Ethical considerations - page 2
Doing my ethics paper and looking for input concerning ethical implications of treating or refusing to treat patients convicted of child sexual abuse, child rape and murder or other similarly... Read More
Oct 3, '06Quote from dboopSomething I realized is that those people may be convicted, but sometimes you never know if you're treating someone who has committed the same acts but was never convicted or ever suspected in life. They say those people come in all forms - they look like the friendly grocer, your neighbor...sadly, there are many times family relatives commit these things to their own nieces and nephews. I know it's not a pleasant thought, but it is the reality.

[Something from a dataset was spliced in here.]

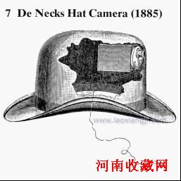 以及拍品号: 20110326-365 的由比利时安特卫普 的N. J. De Neck 制造的礼帽式间谍相机。相机可以放在礼帽的内部,礼帽上留有一个小孔为拍摄所有,快门由一根沿礼帽内壁垂出的细线控制。这是次件珍品世界范围内第2次露面。 预估价在12000-20000欧元。

I know it must be hard to treat someone who you know has committed offensive acts that you feel strongly against, but I guess like some others said previously in this forum, they are there as patients to receive care, and we put ourselves at legal risk and have our ethics questioned as professionals if we don't treat them. I guess I can't speak for myself because I am not a nurse yet. I am applying to nursing and hoping I get in January (!)...I'm new here. A classmate who gave a talk about the importance for nurses to know how to deal with stress, told the class about this site - that it has forums to talk to others, and good for nurses to get support because it's a good way to handle stress.
Thanks for reading. This was my first post.
Welcome! And that was a well thought out post and something for us all to think about.
Oct 3, '06I work in a trauma unit and we get these kinds of patients often, and I detach myself and care for them so they can get well and get to jail.
I worked with a nurse that asked not to take care of a rape victum that was severely beaten because she herself was once raped years prior and couldn't deal with it.
I fully support a nurse who on ethical or emotional levels can't give 100% to the patient.
Oct 3, '06I think it much more ethical to refuse if you know you cannot provide good care to a given person, under extenuating circumstances.......than to give poor or lousy care in the same situation. There ARE occasions where a nurse can or should refuse to care for a given patient, but those occasions are relatively rare. You are going to run across all kinds in your career as a nurse. You have to resolve to do your best in any case. But if it's going to be a huge ethical dilemma for you, it's probably better to try and switch assignments, if you possibly can.
Just realize as a nurse, you will meet many kinds, many of whom you find utterly distasteful. It's a challenge we all face sooner or later.
Oct 3, '06Treat all patients to the best of your care no matter what...it is not our job to judge.
When I was a preceptee working in a small ER, we had an emergency...a man with his throat cut. It was a mess and very hard to get him stablized and out for surgery. We did it...and half way through we were told that he was slit by the father of an infant...the guy I was treating raped her...an INFANT!!!!!!!!!! In fact...she was in the hospital a floor away!!!!!!!!!
I didn't think about it...I just did my job...then dealt with this issue for many weeks after. Bottom line was that I was doing a job to assist in medical for a patient to the best of my ability...so therefore I must not judge, but do what my job tells me to do. I must deal with my own thoughts and feelings of the morals and ethics of this in my own time...
He lived...was imprisoned...and that is all I know...
I do not know about the infant...that was a 'need to know basis only" Wish someone thought of that when they told us why this guy was in there!!! UHGGGGGGGGG!Last edit by Antikigirl on Oct 3, '06
Oct 3, '06Hi TriageRN 34
This was an exactly similar situation that made me ask my original question. Not knowing the circumstances surrounding the PT wounds would be helpful in the moment. Perhaps justice will be served in jail where child molesters aren't very welcomed. Thanks everyone for the thoughtful posts.
Oct 3, '06does not matter what the other person does/says/looks like etc - what matters is your own bias. That is the real crux of the problem - trying to identify what you can/cannot tolerate and how to deal with that. I fall back on Orlando's dynamic nurse/patient relationship theory - you first have to determine your own role (function). Does it include behavior modification? If no, then do your job. If yes, then do your job.